> [WHAT YOU NEED TO DO]:
Copy task for the material below: print the line with "제조국 | 대한민국 |" and every line after it to the end, exactly as written, without the pictures.

> [SUPPLIED RECORDS]:
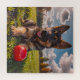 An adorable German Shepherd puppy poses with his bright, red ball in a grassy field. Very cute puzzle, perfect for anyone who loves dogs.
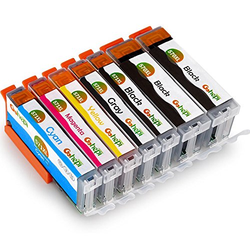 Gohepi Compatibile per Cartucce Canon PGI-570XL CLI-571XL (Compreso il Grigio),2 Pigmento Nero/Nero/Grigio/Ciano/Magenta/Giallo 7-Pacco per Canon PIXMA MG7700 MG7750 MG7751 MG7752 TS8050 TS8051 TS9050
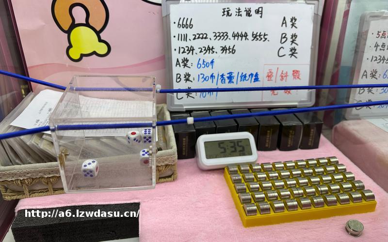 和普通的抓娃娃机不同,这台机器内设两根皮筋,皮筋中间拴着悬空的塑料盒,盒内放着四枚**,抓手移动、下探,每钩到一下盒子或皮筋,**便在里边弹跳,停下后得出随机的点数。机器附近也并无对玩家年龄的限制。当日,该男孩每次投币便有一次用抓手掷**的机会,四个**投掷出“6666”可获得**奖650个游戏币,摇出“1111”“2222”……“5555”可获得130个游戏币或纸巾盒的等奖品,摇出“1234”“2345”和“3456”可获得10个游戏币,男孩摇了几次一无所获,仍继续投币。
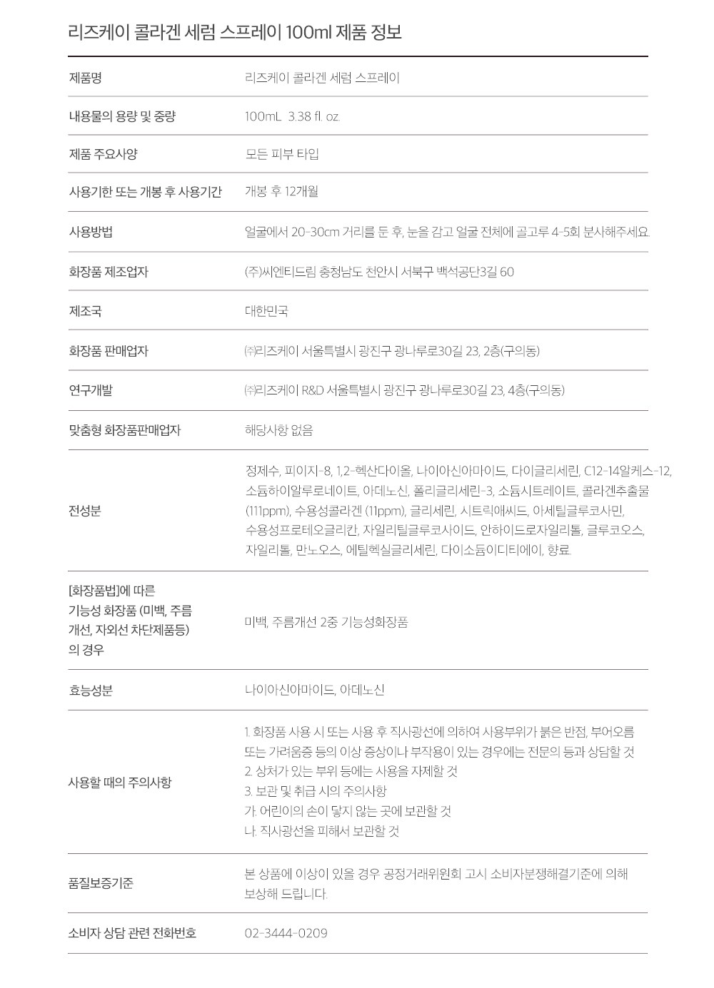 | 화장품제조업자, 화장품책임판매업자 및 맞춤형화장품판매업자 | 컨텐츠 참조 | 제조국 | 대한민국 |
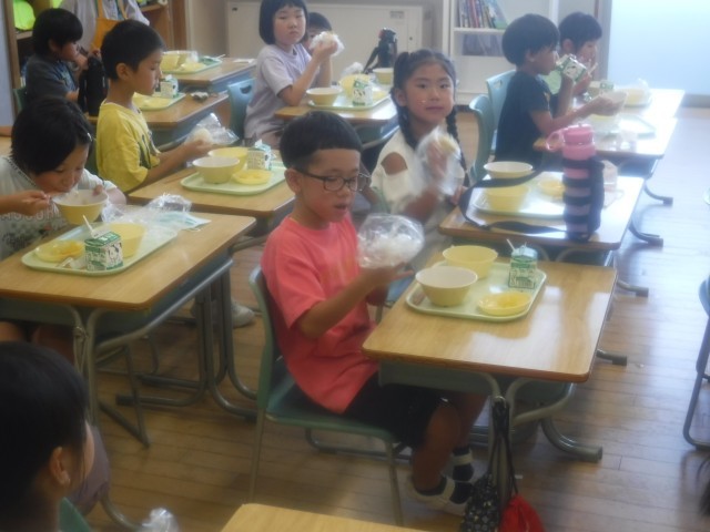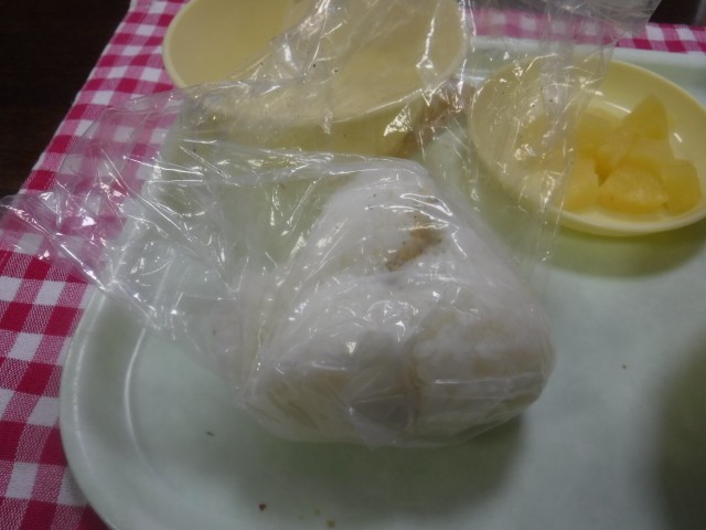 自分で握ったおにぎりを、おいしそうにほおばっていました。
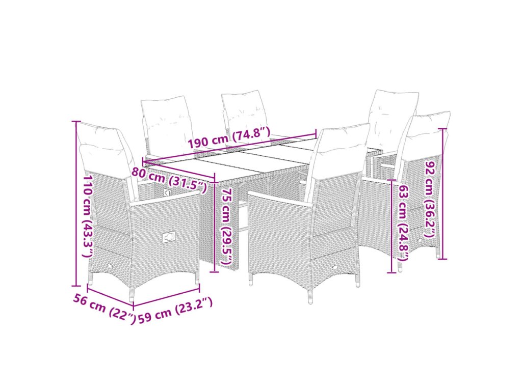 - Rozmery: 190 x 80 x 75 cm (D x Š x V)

> [EXERCISE OUTPUT]:
 | 화장품제조업자, 화장품책임판매업자 및 맞춤형화장품판매업자 | 컨텐츠 참조 | 제조국 | 대한민국 |
 自分で握ったおにぎりを、おいしそうにほおばっていました。
 - Rozmery: 190 x 80 x 75 cm (D x Š x V)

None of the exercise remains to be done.